Role of right hemicolectomy in patients with low-grade appendiceal mucinous adenocarcinoma.

Am J Surg

Verity Medical Group, Surgical Oncology & Colorectal Surgery, 400 Race Street, San Jose, CA, 95126, USA; Saint Vincent Medical Center, 2131 West 3rd Street, Los Angeles, CA, 90057, USA.

Published: December 2019

Background: There is little consensus with regards to the most appropriate surgical management for low-grade appendiceal mucinous adenocarcinomas (LAMA), though right hemicolectomy is usually recommended.

Methods: The SEER database was queried for all patients with non-metastatic LAMA. Disease specific and overall survival was compared by surgery type: 1) appendectomy, 2) formal right hemicolectomy 3) non-formal colectomy (including ileocecectomy).
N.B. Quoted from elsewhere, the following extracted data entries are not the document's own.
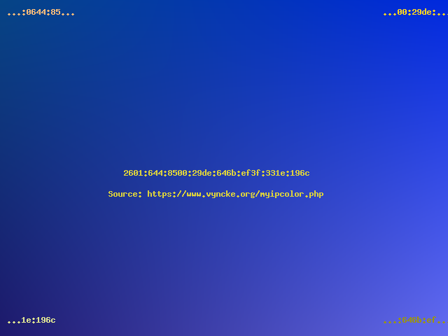Had you selected a modern Internet Service Provider, then with your modern IPv6 address you would have seen a colorful picture... In general, the top half of the image will never change from the same network location (it is linked to your Internet Service Provider's prefix) but the bottom part can change daily (especially when using IPv6 privacy extensions).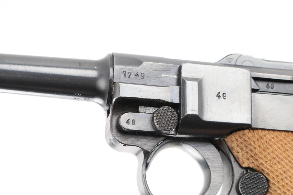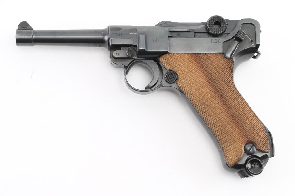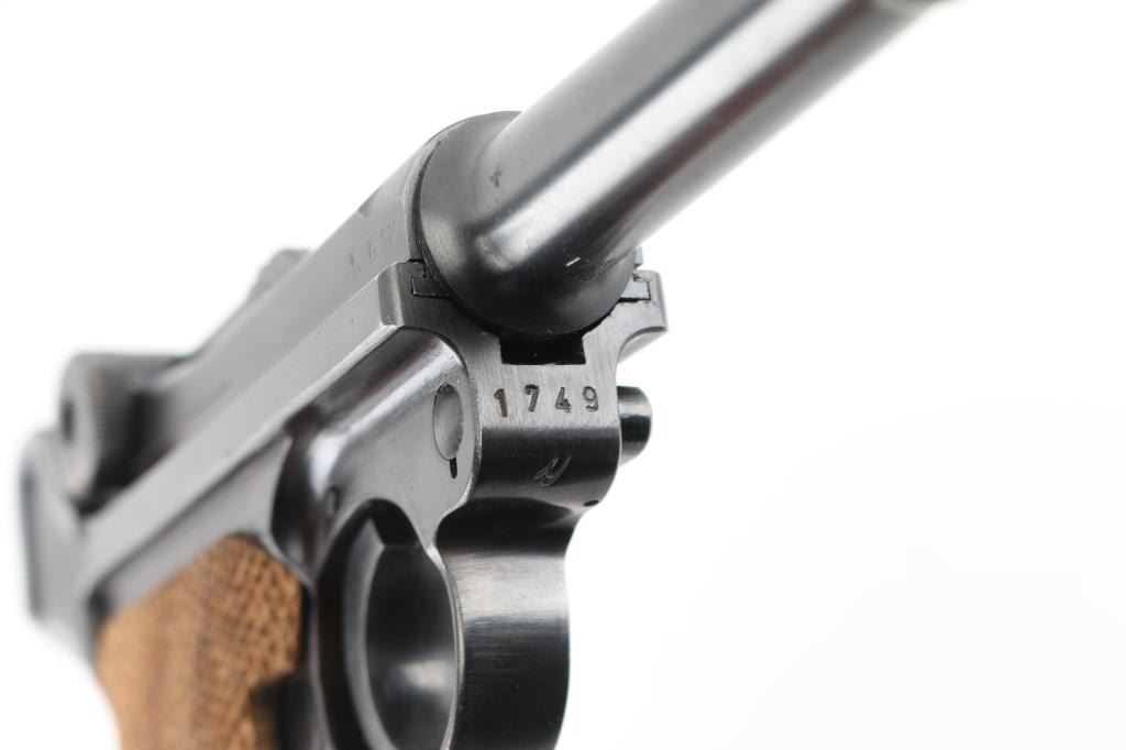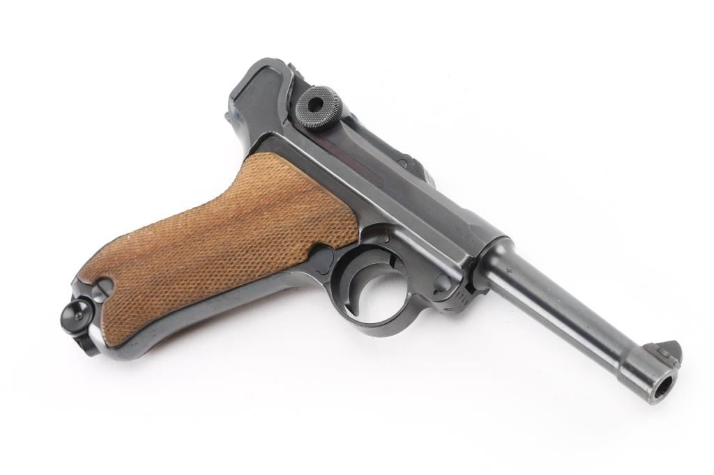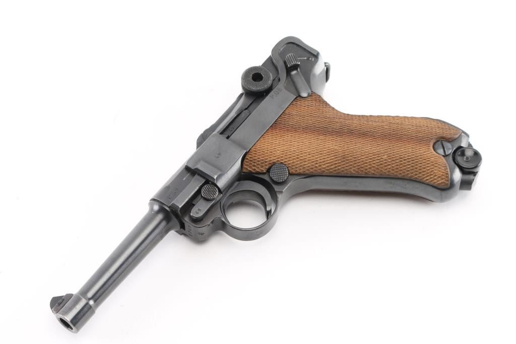 WWII era German military toggle locked recoil operated semi-automatic pistol chambered in 9x19mm Luger, manufactured by Mauser circa 1941. Features an all blued finish, 4" barrel. dovetailed inverted 'v' front sight, 'v' notched rear sight, smooth crescent trigger, knurled charging knobs on the rear toggle link, manual safety of the left side of the frame, knurled push button magazine release, 8 round magazine with black synthetic base, marked "P.08" & "fxo" with eagle 37 Waffenamt, steel frame with lanyard loop & stock lug, and two-piece checkered wood grips. All observed serial numbers are matching. Lanyard stable on the rear of frame. The frame is marked "P.08" & the safety "GESICHET", the breech block & barrel extension are marked [Eagle]/[Swastika], and [Eagle]/"655" is stamped twice on the barrel extension and once on the barrel. Pistol exhibits approximately 98% of it's original blued finish showing slight muzzle wear and tracking behind the safety lever. Action is strong, the bore is bright with sharp rifling with a very light area of pitting near the muzzle, and the grips are excellent. No import marks. NRA Excellent. C&R Firearm.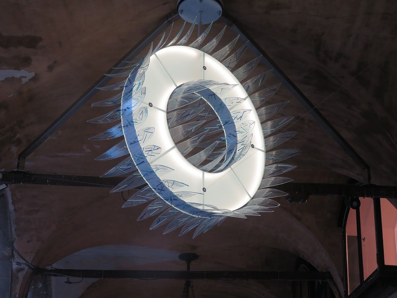 The Abate Zanetti school, with master Eros Raffael. A group work born of the creativity of the young glassmasters. “The chandeliers’ leaves decorated in various shades of blue filaments symbolize the cycle of life. The leaves recall water, the origin of every form, and by their harmonious movement speak of time, the transformation and the eternal continuity of existence.”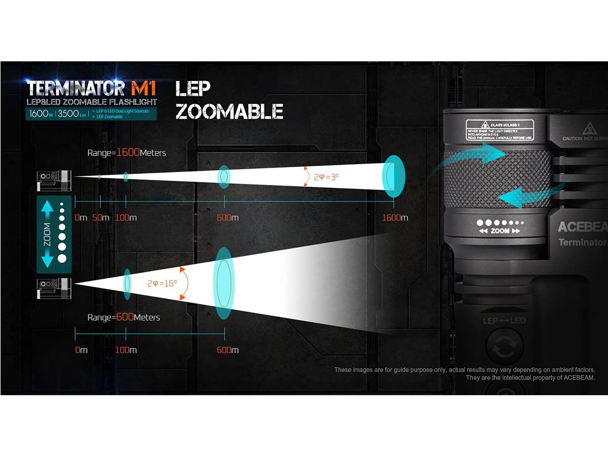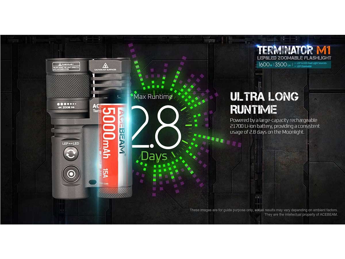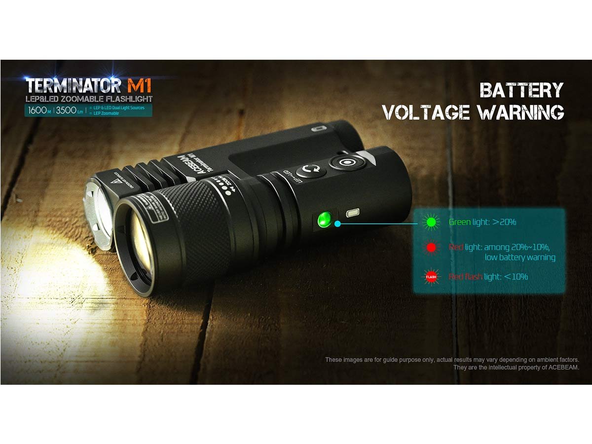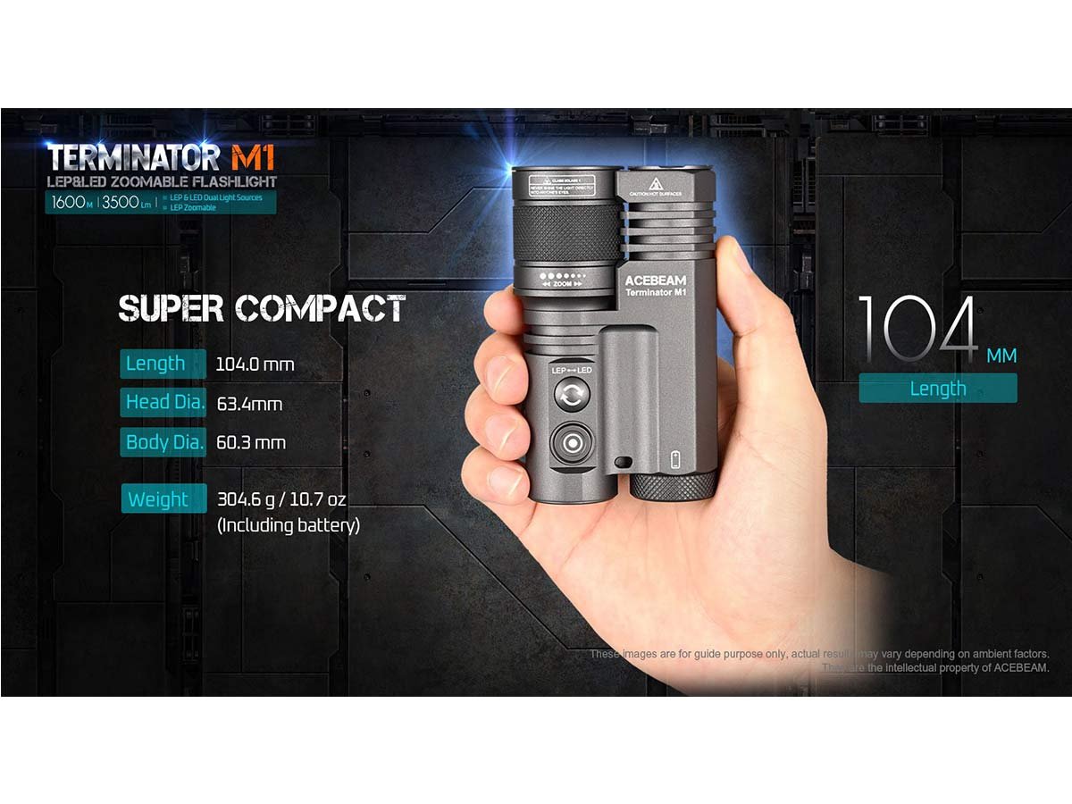 Acebeam's Terminator M1 is a flashlight that does everything you need! With a dual LEP and LED construction, you'll have the power of a spotlight and floodlight at your fingertips. Shine up to a mile away with the focused LEP's beam, or spread out and access 3500 lumens of floodlight with three high-powered LEDs. An added strobe mode enables users to signal for help in a pinch. The Acebeam Terminator M1 is the ultimate companion for workers, hikers, campers, or anyone in need of a powerful, flexible light.

Results: A total of 579 patients with non-metastatic LAMA were identified. 133 (23%), 404 (70%), and 42 (7%) of patients had stage I, II, and III disease, respectively. 99 (17.1%) had appendectomy, 87 (15%) had non-formal colectomy, and 302 (52.2%) had formal right hemicolectomy. We observed no significant differences in disease specific or overall survival by surgery type. Controlling for age and stage, surgery type was not a significant predictor of disease specific or overall survival.

Conclusion: In patients with localized LAMA, right hemicolectomy did not increase disease specific or overall survival. Right hemicolectomy should be reserved for LAMA patients with positive margins post appendectomy.